** Opening DATASET RECORDS block **
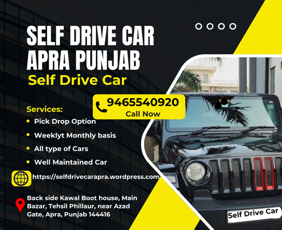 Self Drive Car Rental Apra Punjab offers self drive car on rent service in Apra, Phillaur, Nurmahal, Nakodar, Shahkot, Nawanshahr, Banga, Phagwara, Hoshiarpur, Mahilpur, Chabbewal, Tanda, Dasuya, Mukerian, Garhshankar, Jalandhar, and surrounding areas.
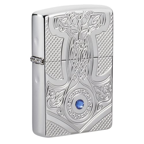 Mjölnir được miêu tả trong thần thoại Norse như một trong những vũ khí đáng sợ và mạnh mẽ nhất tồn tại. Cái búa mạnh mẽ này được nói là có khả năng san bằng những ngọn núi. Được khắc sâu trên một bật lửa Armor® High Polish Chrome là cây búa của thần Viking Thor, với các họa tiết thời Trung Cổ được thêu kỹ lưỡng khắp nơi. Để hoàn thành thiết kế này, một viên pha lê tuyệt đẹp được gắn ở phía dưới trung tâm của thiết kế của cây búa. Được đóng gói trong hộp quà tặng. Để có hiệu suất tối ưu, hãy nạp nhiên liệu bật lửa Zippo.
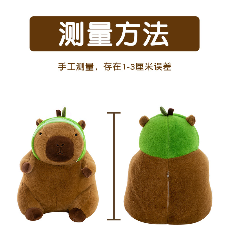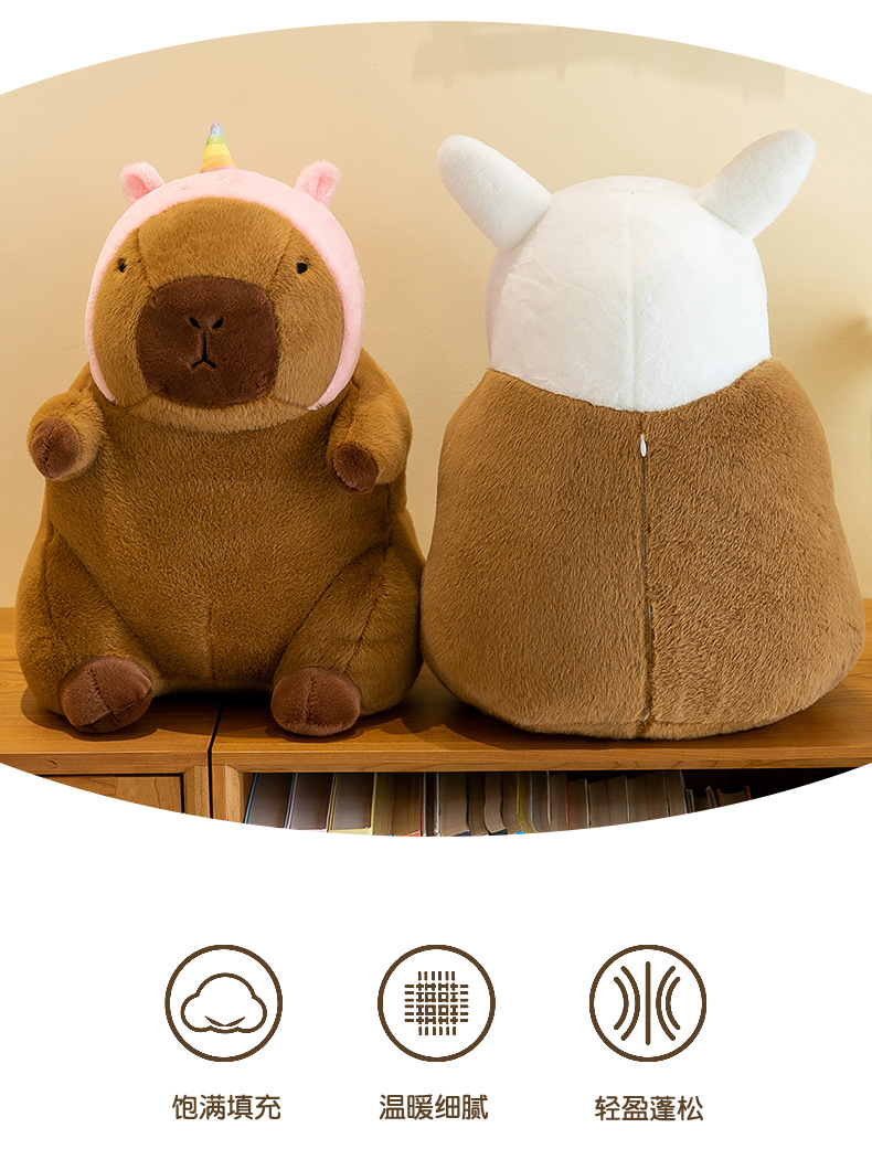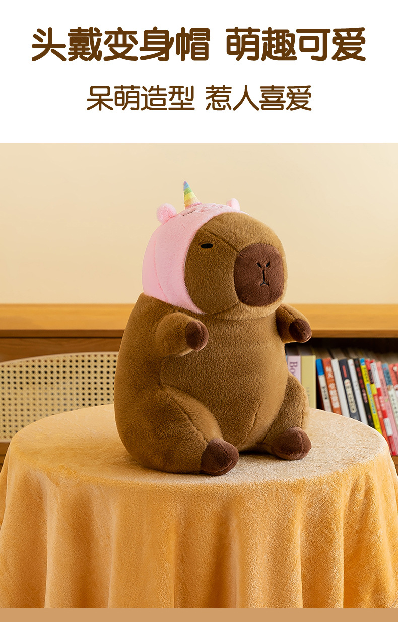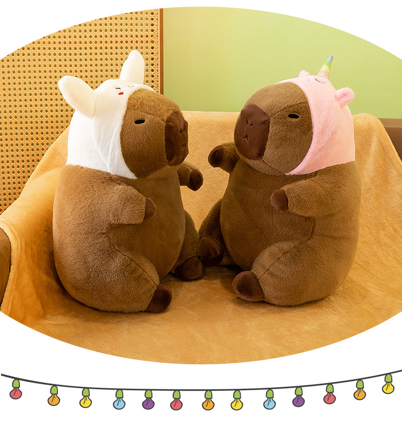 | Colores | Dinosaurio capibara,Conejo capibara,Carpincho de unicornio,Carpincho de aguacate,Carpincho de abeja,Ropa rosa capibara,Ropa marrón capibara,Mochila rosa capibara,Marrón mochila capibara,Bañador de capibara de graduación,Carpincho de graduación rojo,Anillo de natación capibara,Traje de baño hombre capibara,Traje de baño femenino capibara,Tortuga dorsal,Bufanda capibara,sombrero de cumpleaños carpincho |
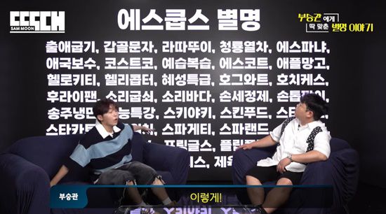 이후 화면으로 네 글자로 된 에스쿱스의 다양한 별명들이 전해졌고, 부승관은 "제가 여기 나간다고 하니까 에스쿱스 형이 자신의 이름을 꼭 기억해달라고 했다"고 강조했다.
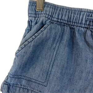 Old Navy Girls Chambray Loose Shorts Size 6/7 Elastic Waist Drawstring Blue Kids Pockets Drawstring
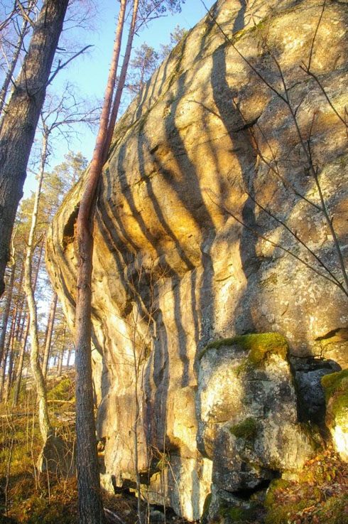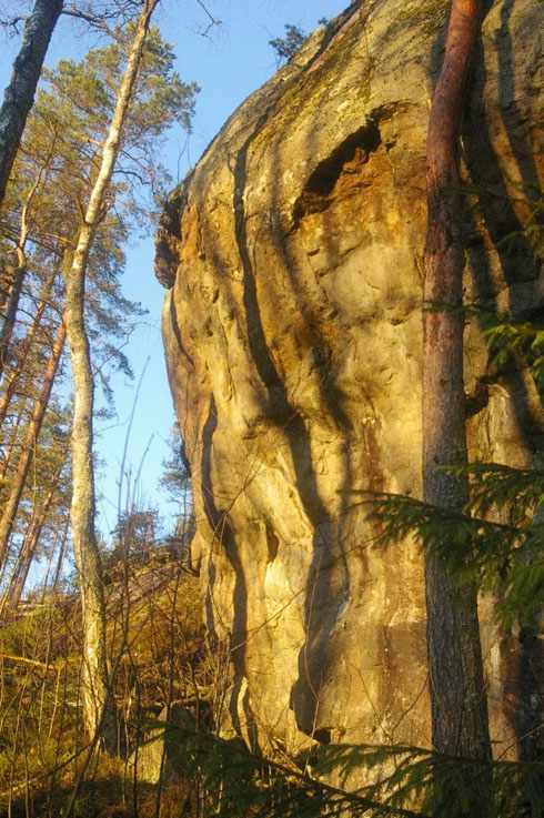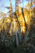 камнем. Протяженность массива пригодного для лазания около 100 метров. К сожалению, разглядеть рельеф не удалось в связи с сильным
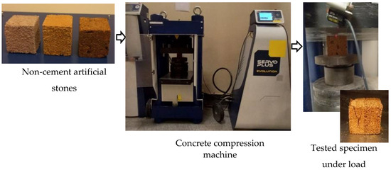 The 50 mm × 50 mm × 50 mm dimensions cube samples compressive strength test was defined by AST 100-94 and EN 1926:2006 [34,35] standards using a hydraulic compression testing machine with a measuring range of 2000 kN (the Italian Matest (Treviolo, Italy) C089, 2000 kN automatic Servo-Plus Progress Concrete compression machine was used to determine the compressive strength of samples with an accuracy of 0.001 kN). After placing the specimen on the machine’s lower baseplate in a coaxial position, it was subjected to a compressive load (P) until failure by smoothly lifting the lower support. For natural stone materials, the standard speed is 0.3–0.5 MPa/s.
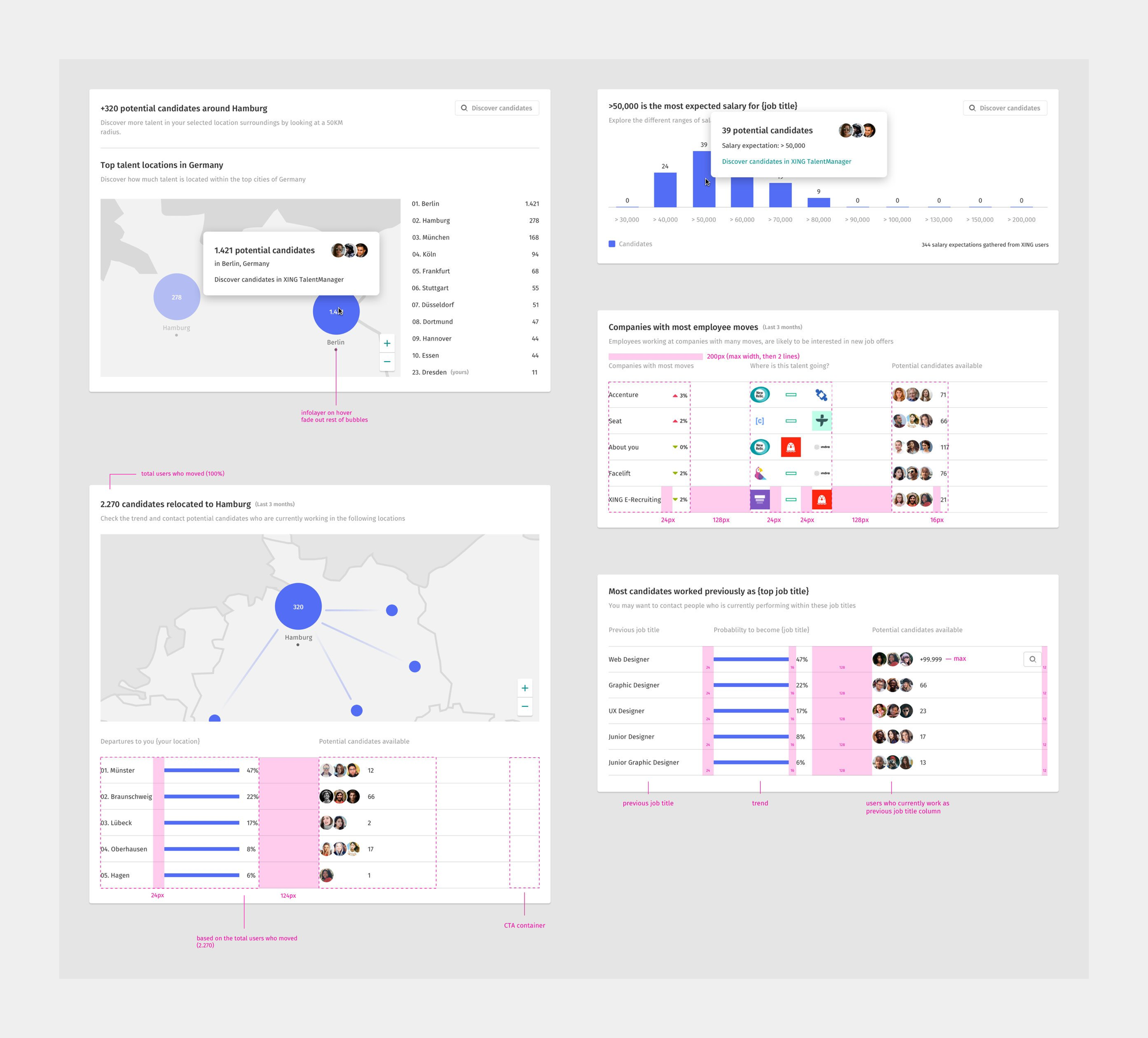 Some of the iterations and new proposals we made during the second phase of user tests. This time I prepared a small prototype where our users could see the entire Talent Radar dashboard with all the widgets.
** Closing DATASET RECORDS block **
*ASSIGNMENT:* Give back the exact lines above, running from the one that has "Old Navy Girls" through the one that has "камнем. Протяженность массива", with nothing added and no pictures.

*OUTPUT FOR THIS EXERCISE:*
 Old Navy Girls Chambray Loose Shorts Size 6/7 Elastic Waist Drawstring Blue Kids Pockets Drawstring
 камнем. Протяженность массива пригодного для лазания около 100 метров. К сожалению, разглядеть рельеф не удалось в связи с сильным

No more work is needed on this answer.